Another note of caution is that whether or not an aberration is clonal depends on the time frame of examination and the level at which the study takes place (karyotypic vs. gene). Within a given period, the clonal aberrations can further evolve making it hard to realize that they are derived from a common ancestor. In addition, the concept of clonality can be applied to different levels of genetic organization. Cell populations with the same p53−/− mutation can be referred to as clonal at a specific locus, but they might be considered non-clonal at the karyotypic level.
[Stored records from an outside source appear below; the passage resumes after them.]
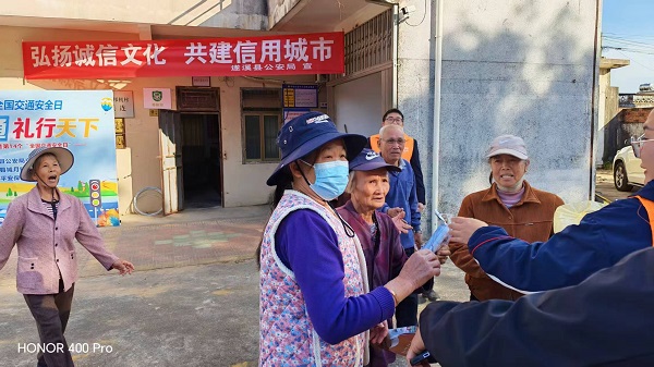 活动现场,民警悬挂主题横幅,向村民发放宣传资料,结合农村实际,用“唠家常”的方式讲解诚信知识,通过邻里间失信影响贷款、出行受限等典型案例,直观阐释“一处失信,处处受限”的后果;针对养老诈骗、刷单返利等涉信用类骗局,细致拆解诈骗手法,提醒村民守护好个人信用记录与财产安全。此外,民警还现场解答信贷信用、失信修复等群众关心的问题。
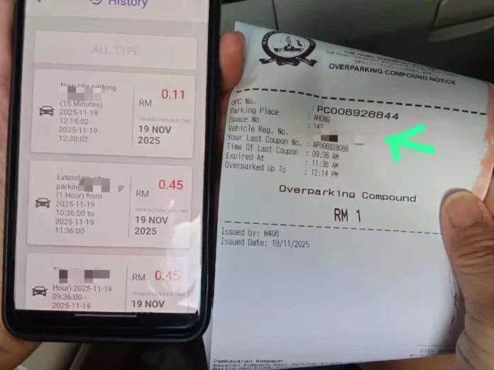 事主表示,当天她载送孩子后,把车停在鲁哇一带的超级市场附近。因时间接近中午,她在确认车辆停稳后,便立即在车内使用手机购买电子停车券。系统显示她在 12时15分 完成购票,但罚单上的时间却是 12时14分,两者仅差一分钟。
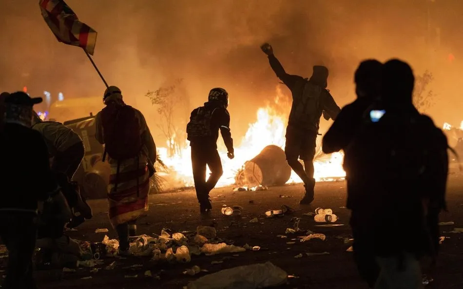 Un agente de la Policía Nacional se ha desplomado y ha quedado inconsciente por el lanzamiento de objetos por parte de radicales en la Vía Laietana de Barcelona. Tuvo que ser evacuado por sus compañeros en otra noche marcada por graves disturbios y numerosas barricadas en el centro de Barcelona.
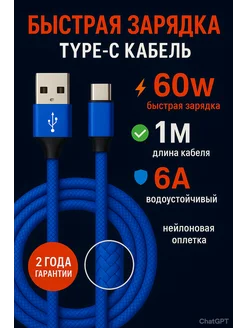 Кабель type-c быстрая зарядка 6 А для айфон 15
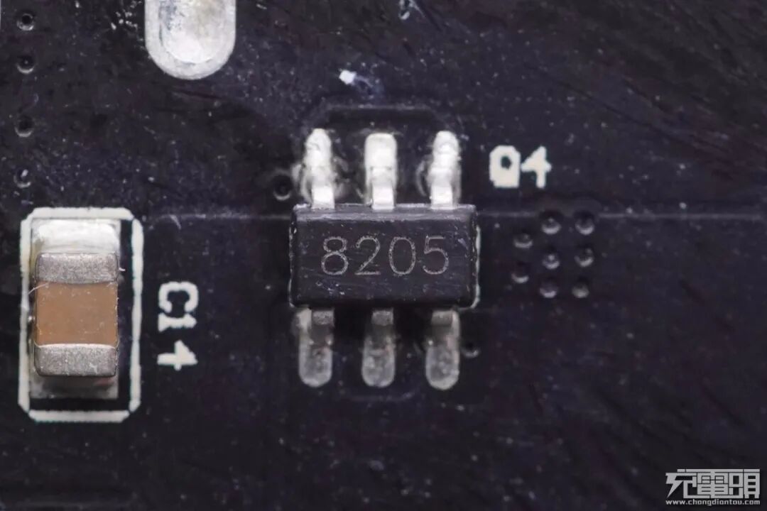 每个接口都配有8205 MOS管进行快充切换,快充输出时关闭其他端口。
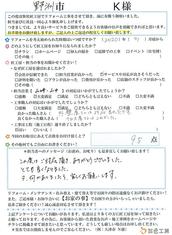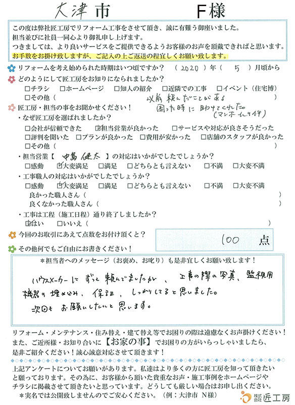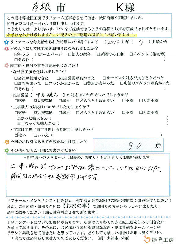 工事中の写真、保証等しっかりしてると思いました!
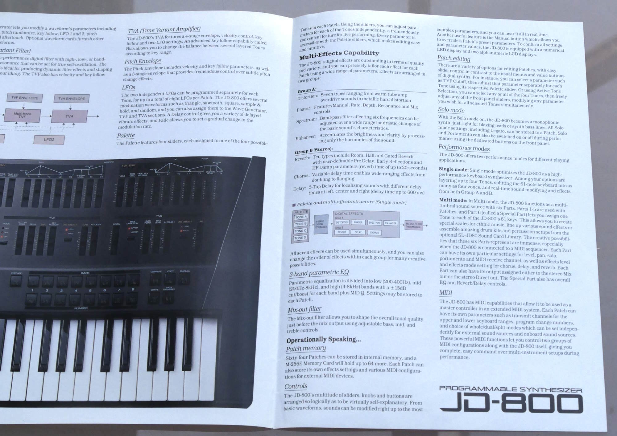 Very nice condition original brochures / leaflets for the Roland JD-800 and TR-505. |
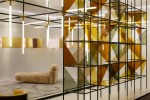Set in a neutral atmosphere, the space will showcase a selection of bespoke pieces underlining the bond between leather and fur workmanships, iconic FENDI materials, and Dimore Studio design approach. This collection comprises two different kinds of lighting, an horizontal one along the walls of the space and a vertical one from above, a bookcase that plays with the same colours of the horizontal light, a grand square table with two chairs – called conversation pieces, and a day bed in shaved mink, on carpet in shades of grey.
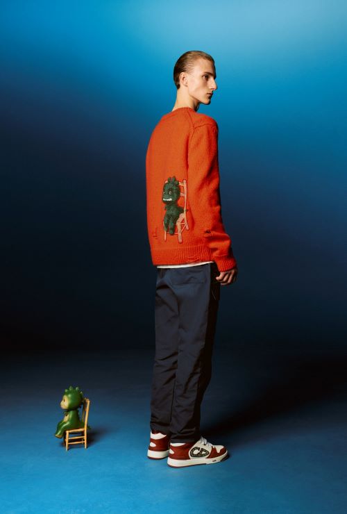 ’DIOR’ 로고에 심볼을 장식한 버전은 후드 스웨트 셔츠와 파우치에도 더해져 예상을 뛰어넘는 놀라움을 선사하며 무슈 디올의 유산을 상징하는 시그니처 ’CHRISTIAN DIOR COUTURE’ 디테일의 패치는 배기 팬츠를 포함한 다양한 모델에 장식되었다.

To establish a precise scoring system to monitor the level of genome instability is challenging, as there are many different types of genome level alterations. By comparing the type and distribution of aberration frequencies for these model lines, it appears that the proportion of structural NCCAs represents the best biomarker. When NCCAs are used to score the level of heterogeneity, the total frequency of structural and numerical NCCAs should all be included. The structural NCCAs seem to play a more dominant role than numerical NCCAs, at least for the late stage of cancer progression (after transformation) that has been examined in this study. Chromosomal number variation plays an important role prior to the formation of structural NCCAs during the immortalization process of the mouse ovarian model.

The 4% cutoff of clonal/non-clonal is based on the standard of practice in medical genetics. It would be ideal if more than 100 mitotic figures could be included in the analysis and thereby use 1% as the cutoff line, but this is very time consuming and costly. In fact, a 4% cutoff is also reasonable as illustrated by studies conducted by the inventors herein with large numbers of cell lines and clinical samples.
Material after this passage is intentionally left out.